The trial court denied the motion, based on Section 425.16(d), which provides that the anti-SLAPP statute does not apply to any enforcement action brought in the name of the people by the attorney general, district attorney or city attorney, acting as a public prosecutor.

            The defendant appealed, arguing that the exemption of such public-prosecutor enforcement actions from the anti-SLAPP law violated the defendant's right to equal protection of the law. The 1st District, Division Five, affirmed, holding that the exemption was constitutional. The court ruled that the exemption was rationally related to a legitimate state interest in allowing public prosecutors to protect the health and safety of the citizenry through enforcement actions, "unemcumbered by delay, intimidation, or distraction."

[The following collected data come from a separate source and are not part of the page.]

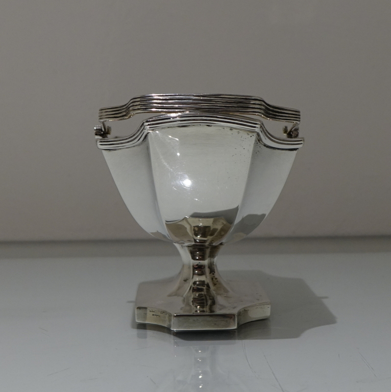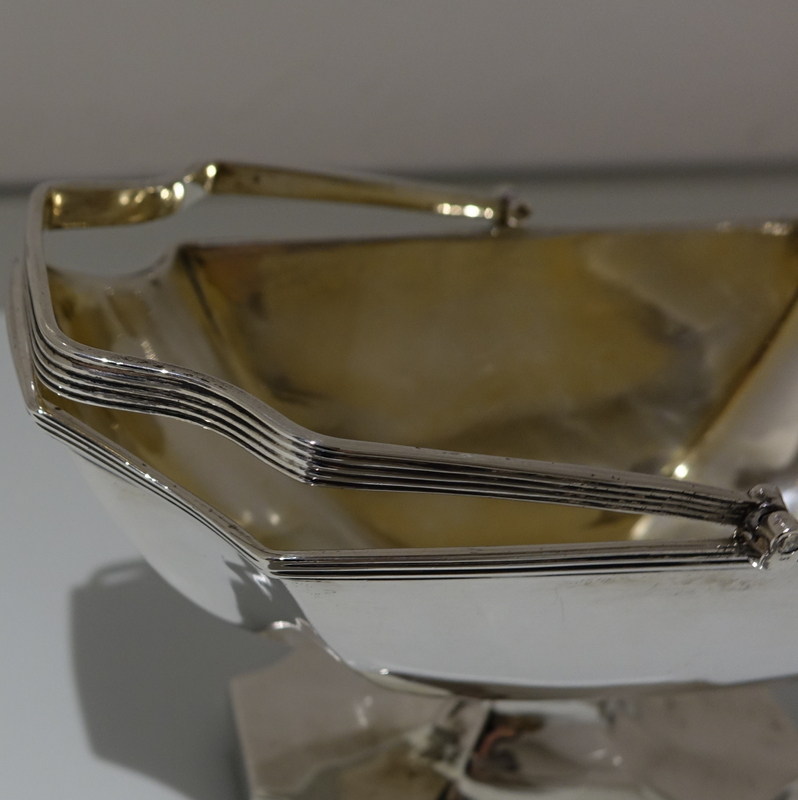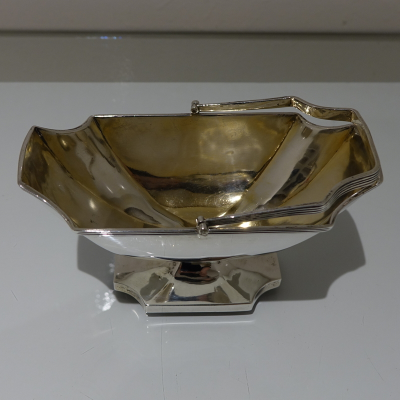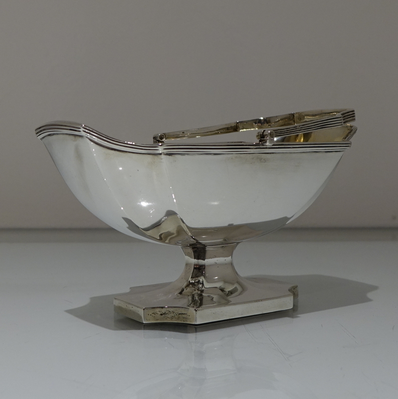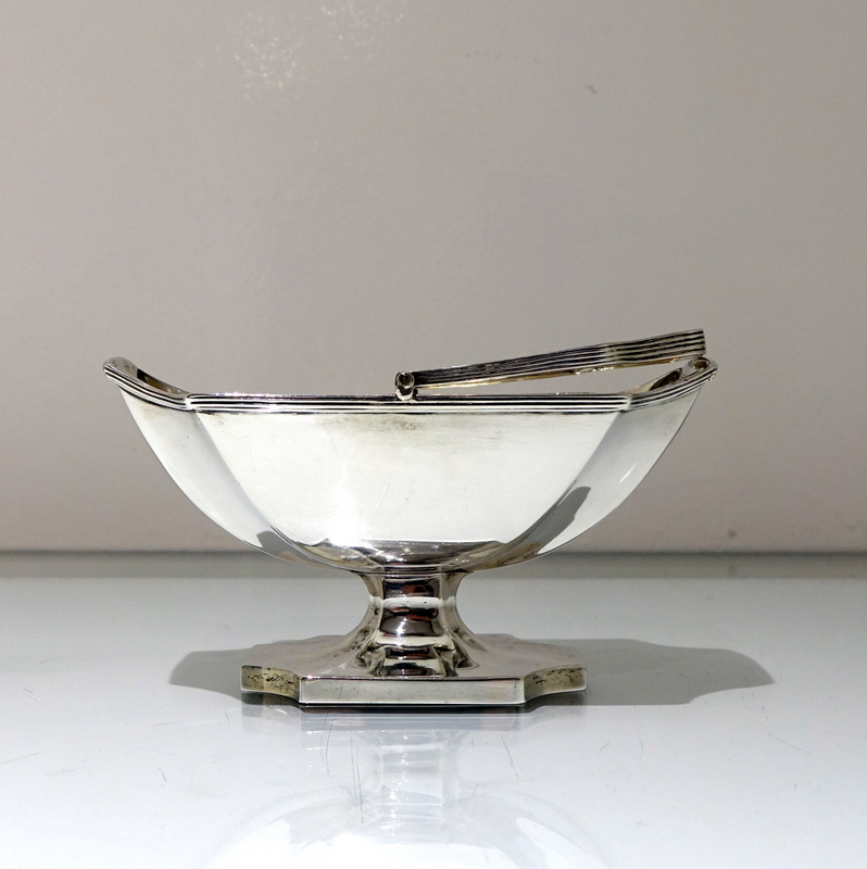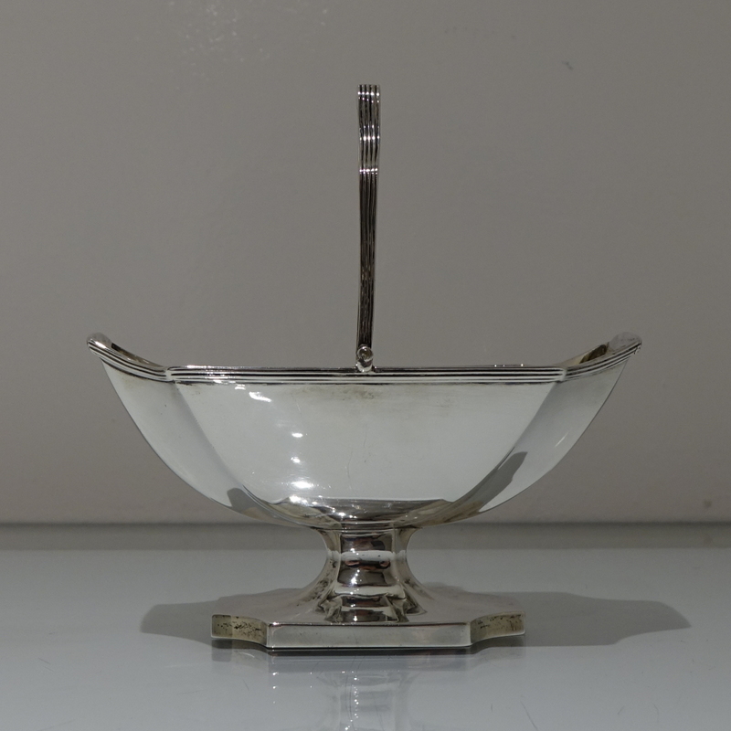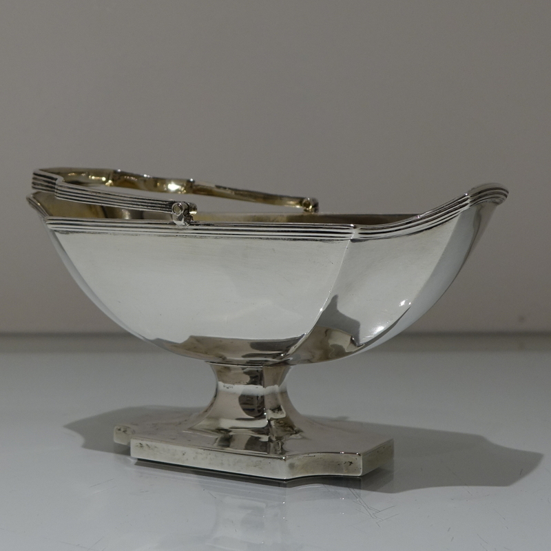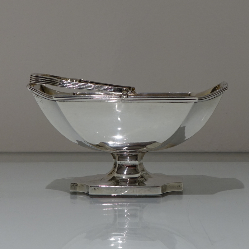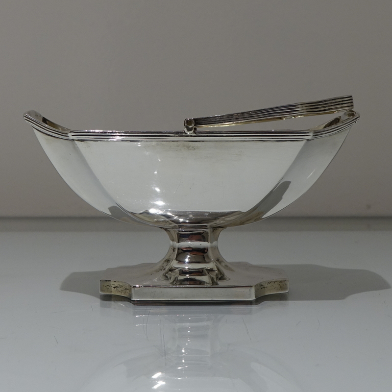 A beautiful rectangular cut cornered, plain- formed Georgian swing handled sugar basket. Â Decorated with a simple but elegant upper reed border for highlights. Â The basket sits on a raised pedestal foot.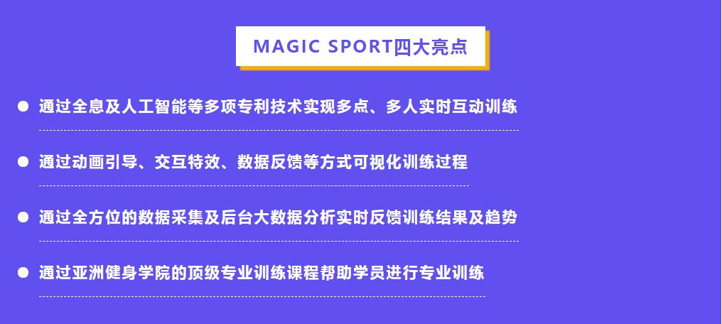 MAGIC SPORT是赛鲁班依托先进的人工智能技术打造的新一代智慧健身解决方案,拥有专业全息团操、专属私教训练、心率实时跟踪、AI运动评分、万能数字地胶、趣味互动游戏等六大类场景化训练产品,覆盖200+专业动作库,让健身训练更具乐趣、更有效果!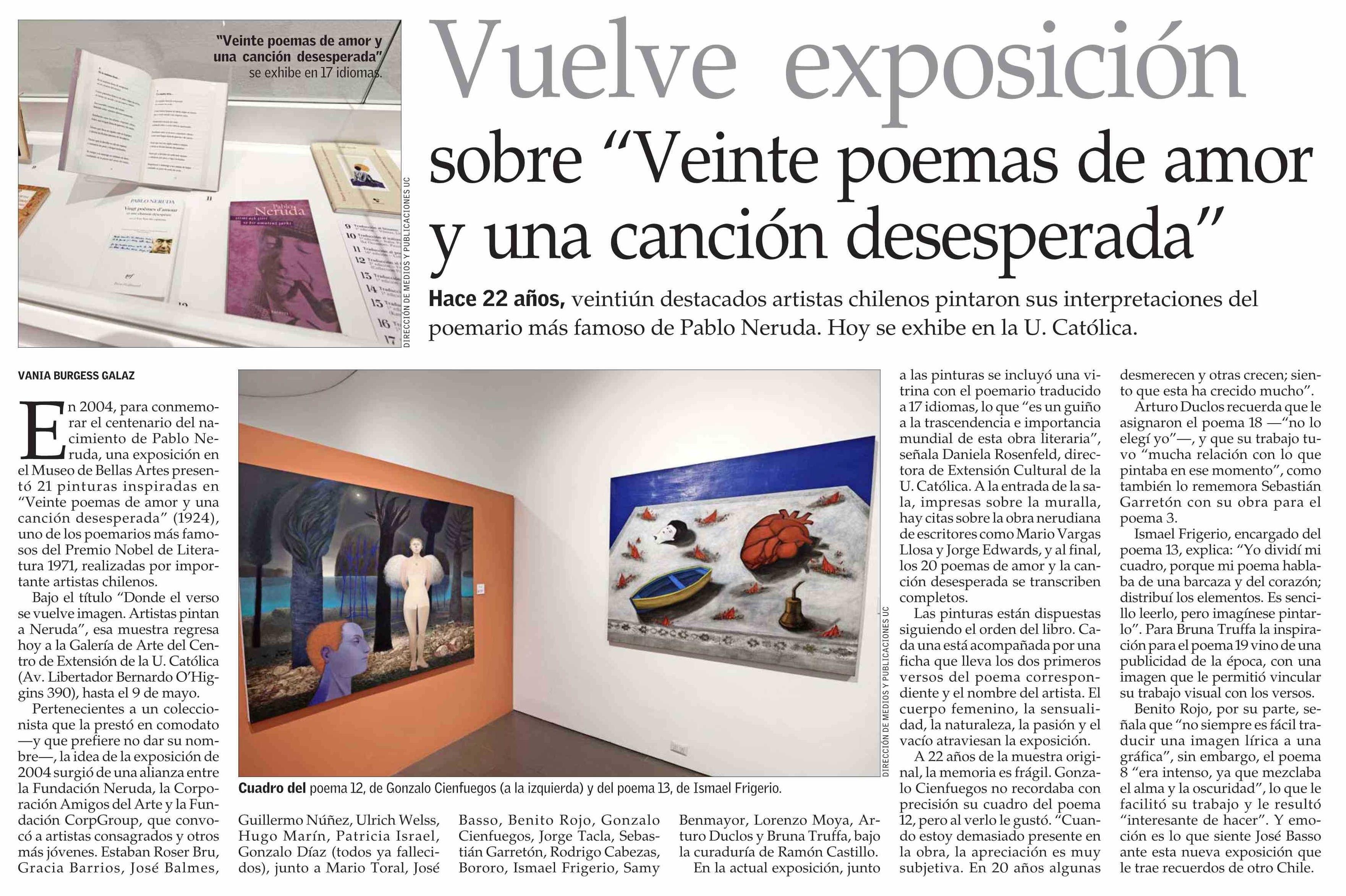 | Título: | Vuelve exposición sobre “Veinte poemas de amor y una canción desesperada” |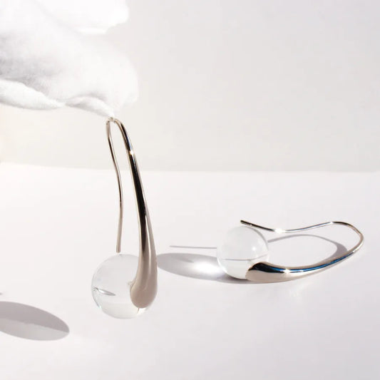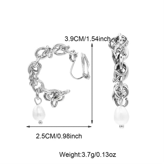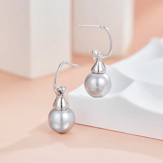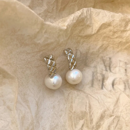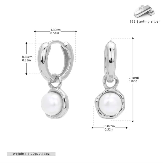 White Gold-Plated Sterling Silver Geometric Shell Pearl Drop Earrings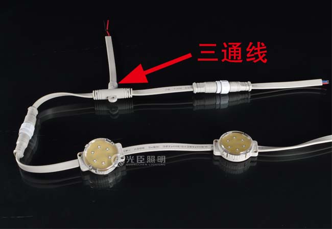 二、三通線串接安裝:每?jī)纱甃ED像素?zé)舸溆幸粭l與之連接的三通線,延伸出來(lái)的三通線可與信號(hào)線、電源線相接。安裝極為方便。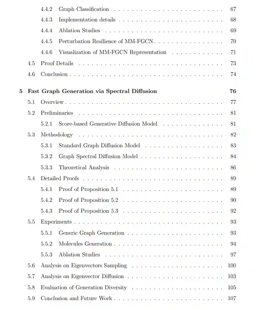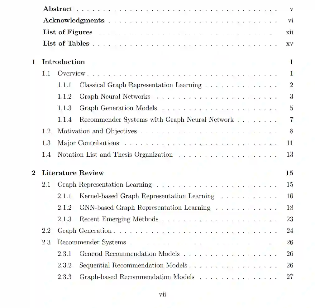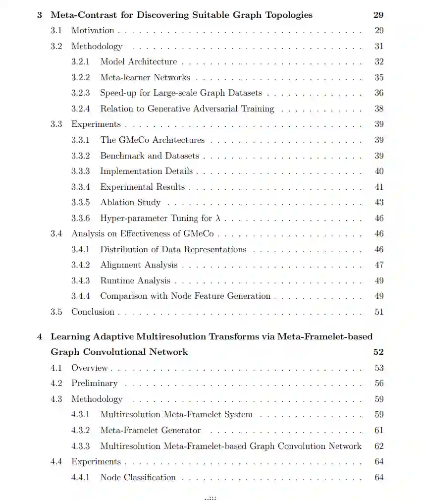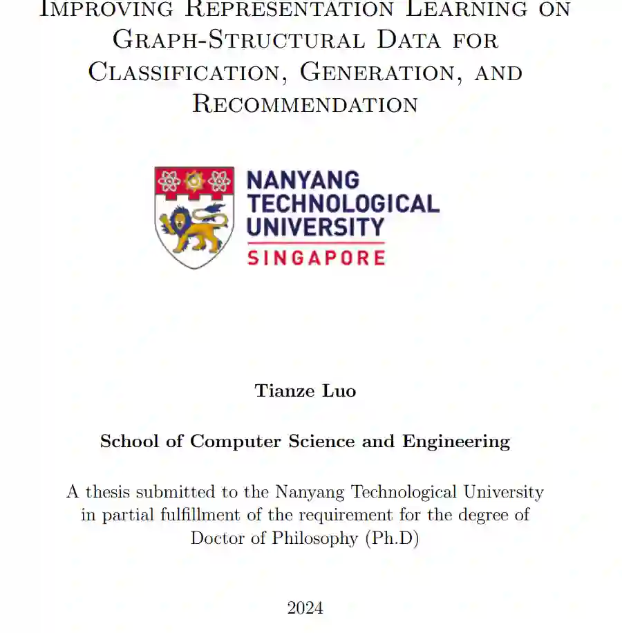 本论文探讨了图表示学习中的创新方法及其在深度学习模型中的应用,在多个关键领域做出了重要贡献。我们首先介绍了 Graph Meta-Contrast (GMeCo) 框架,这是一种用于图上对比表示学习的全新元学习框架。GMeCo 能够有效生成增强图,并最大化增强图与输入图之间的互信息,在鲁棒性和判别性特征学习上优于当前方法。 接下来,我们提出了 多分辨率基于 Meta-Framelet 的图卷积网络 (MM-FGCN) 模型。该模型在自适应多分辨率图分析方面取得了进展,克服了固定变换的限制,并能够动态处理不同尺度的图数据。MM-FGCN 能够捕捉图的微观和宏观结构,展现了其在各种图学习任务中的优越性。 此外,我们引入了 图谱扩散模型 (GSDM),这是一种用于图结构数据生成的全新方法。GSDM 在图谱空间中使用低秩扩散随机微分方程,增强了图拓扑结构的生成,并降低了计算负荷。与现有模型相比,该方法在图生成的效率和质量方面表现出显著改进。 最后,我们开发了一个基于多视角方法的序列推荐系统新框架,结合了图神经网络 (GNNs) 和 Transformer。该多视角结构利用用户-项目交互和协作信息,提供了鲁棒且准确的用户偏好预测。该模型相较于传统模型展现了其有效性。 总体而言,本论文在图表示学习方面提出了有效的方法和模型,为该领域的进步做出了贡献,并为未来图基深度学习应用的研究奠定了基础。

            In the slightly more than eight years that the anti-SLAPP law has been on the books, 41 published opinions have been issued under the statute. The five issued in January reflect the widely varied contexts in which parties have attempted to invoke the statute and the fact that there are still unresolved issues as to its scope and application.


Mark Goldowitz is a sole practitioner in Oakland and the director of the California Anti-SLAPP Project. He specializes in defenses against SLAPPs under Section 425.16.